[Problem details] Please restate word for word the lines of the entries below from the one with "MATERIAL ✔ Tischplatten: weiß" to the one with "After breakfast, we", inclusive, and leave out every picture.

[Exercise materials]

◇ ◇ ◇

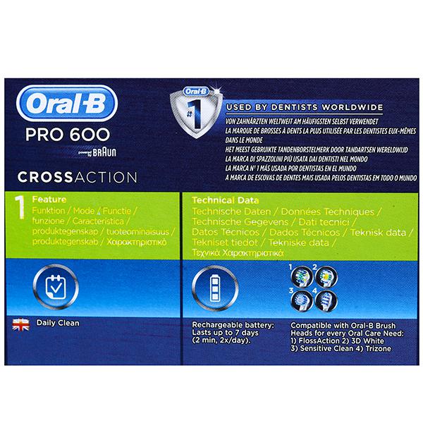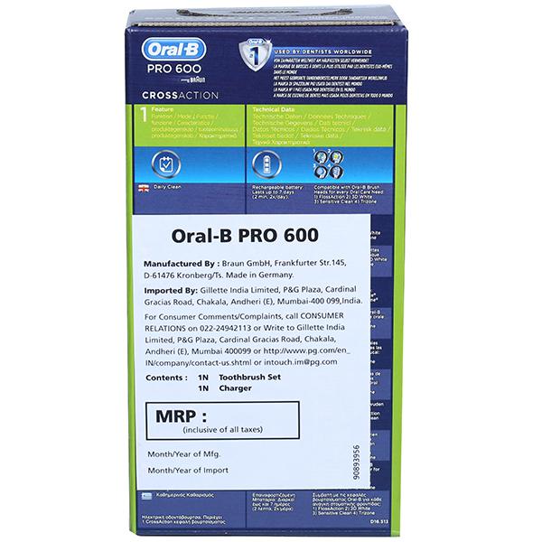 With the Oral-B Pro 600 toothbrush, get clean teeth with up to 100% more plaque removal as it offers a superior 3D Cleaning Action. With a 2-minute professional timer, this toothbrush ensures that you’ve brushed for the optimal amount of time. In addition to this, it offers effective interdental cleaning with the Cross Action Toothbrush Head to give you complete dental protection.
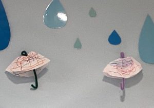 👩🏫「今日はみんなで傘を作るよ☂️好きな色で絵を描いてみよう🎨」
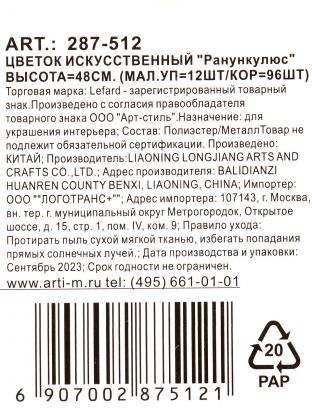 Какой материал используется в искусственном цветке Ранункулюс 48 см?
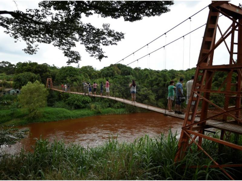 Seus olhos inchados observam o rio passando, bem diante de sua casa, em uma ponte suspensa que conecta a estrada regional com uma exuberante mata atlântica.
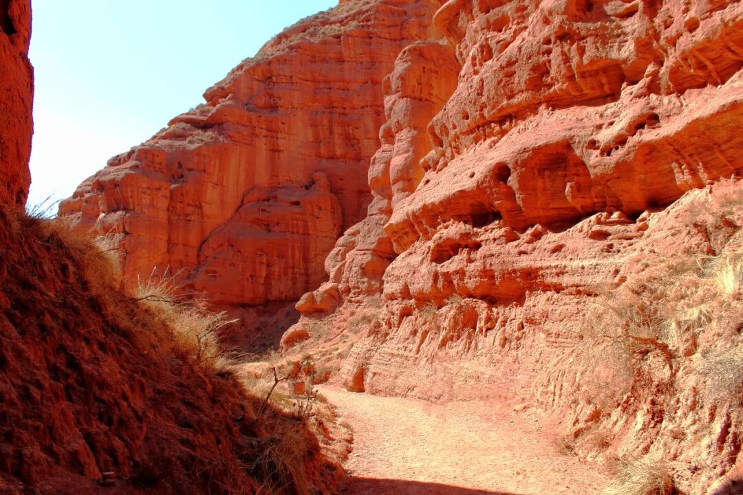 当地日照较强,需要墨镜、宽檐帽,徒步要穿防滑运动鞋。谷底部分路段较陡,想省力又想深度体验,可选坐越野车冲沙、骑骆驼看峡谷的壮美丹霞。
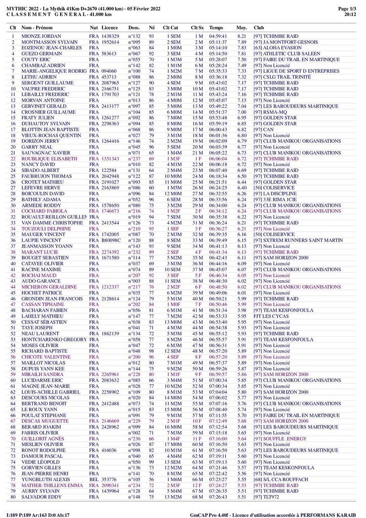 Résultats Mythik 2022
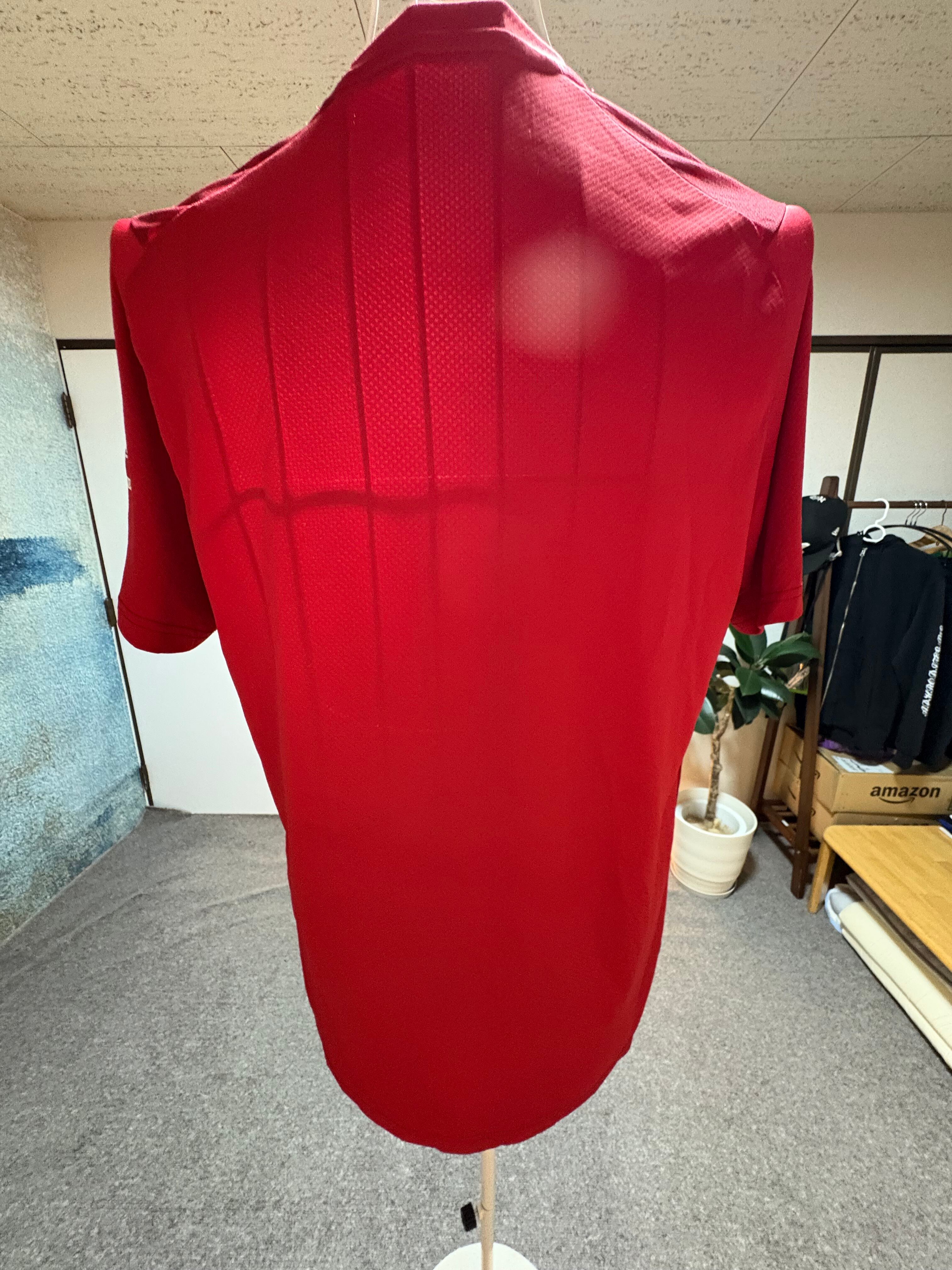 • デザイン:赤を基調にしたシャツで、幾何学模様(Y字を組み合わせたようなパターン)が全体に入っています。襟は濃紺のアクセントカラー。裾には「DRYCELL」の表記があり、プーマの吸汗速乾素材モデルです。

◇ ◇ ◇

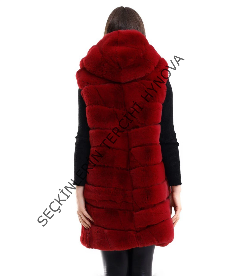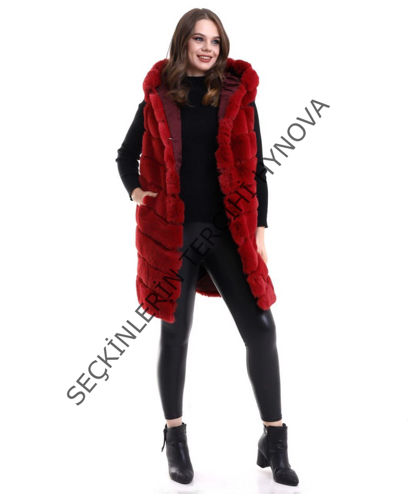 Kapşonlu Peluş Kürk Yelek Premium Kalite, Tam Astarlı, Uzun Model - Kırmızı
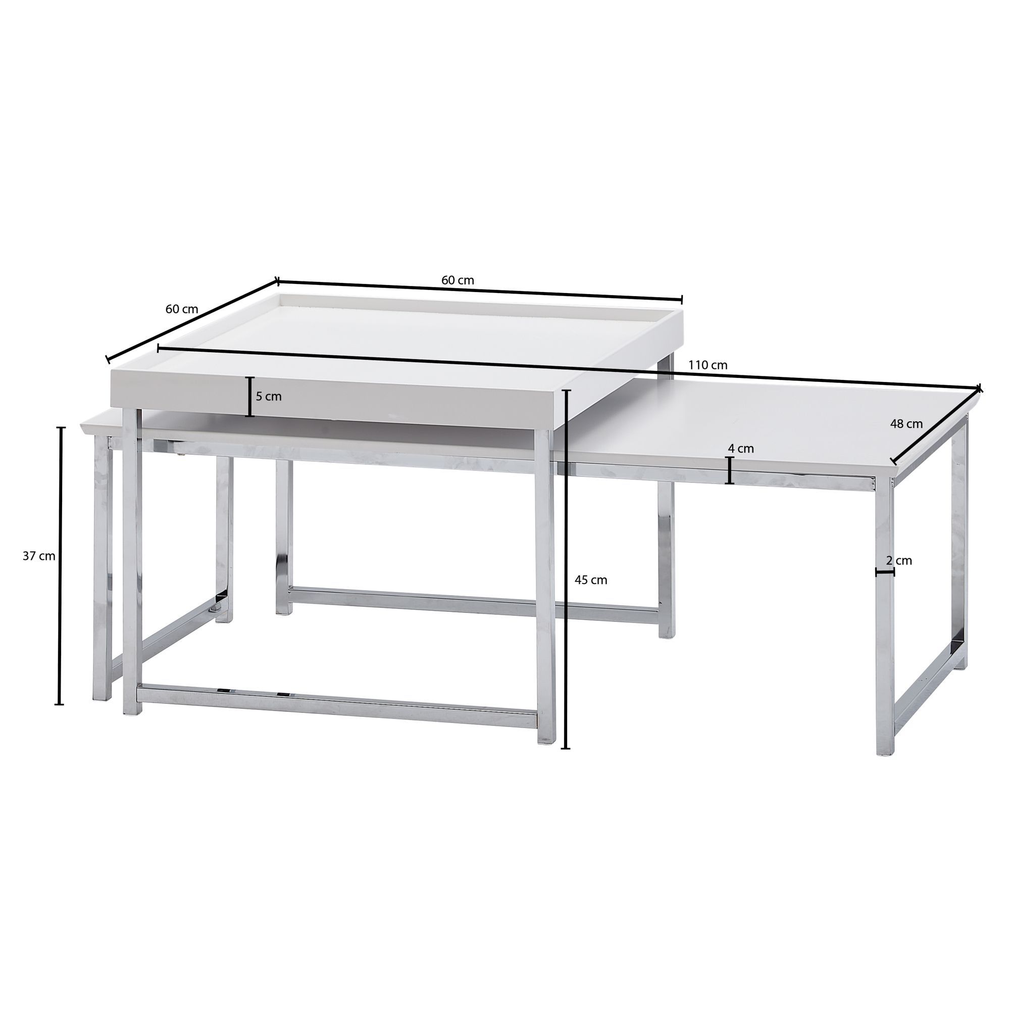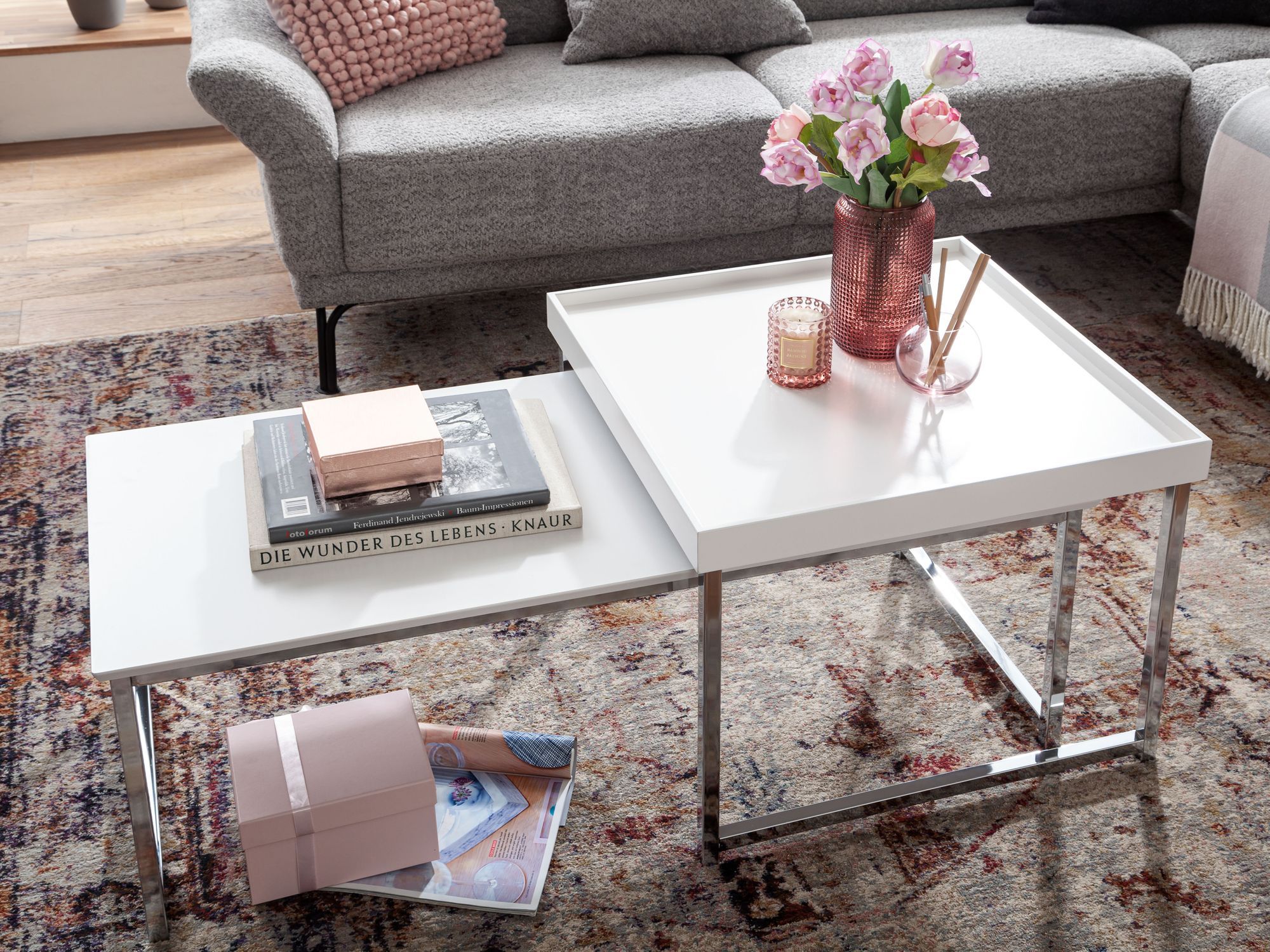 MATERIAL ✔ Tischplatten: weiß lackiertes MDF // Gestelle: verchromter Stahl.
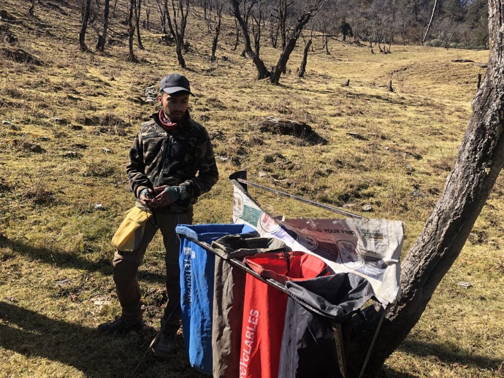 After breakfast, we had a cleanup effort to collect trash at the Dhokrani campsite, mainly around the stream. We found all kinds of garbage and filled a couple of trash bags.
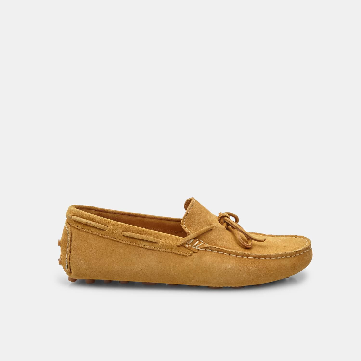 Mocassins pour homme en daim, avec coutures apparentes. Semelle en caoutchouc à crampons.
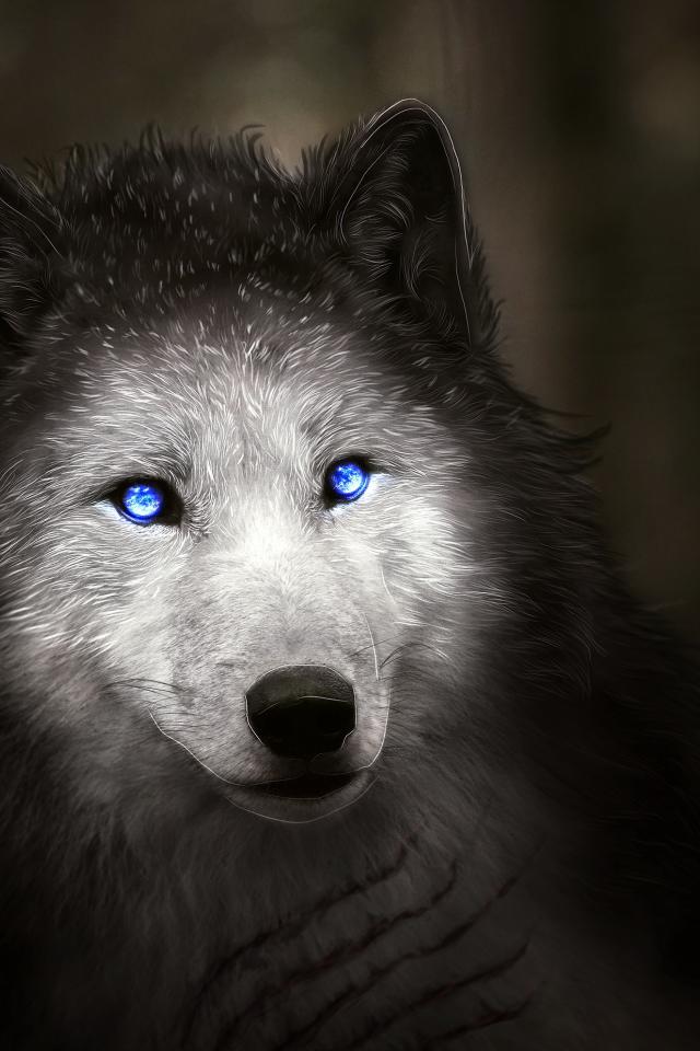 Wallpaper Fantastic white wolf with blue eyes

◇ ◇ ◇

[Worked solution]
 MATERIAL ✔ Tischplatten: weiß lackiertes MDF // Gestelle: verchromter Stahl.
 After breakfast, we had a cleanup effort to collect trash at the Dhokrani campsite, mainly around the stream. We found all kinds of garbage and filled a couple of trash bags.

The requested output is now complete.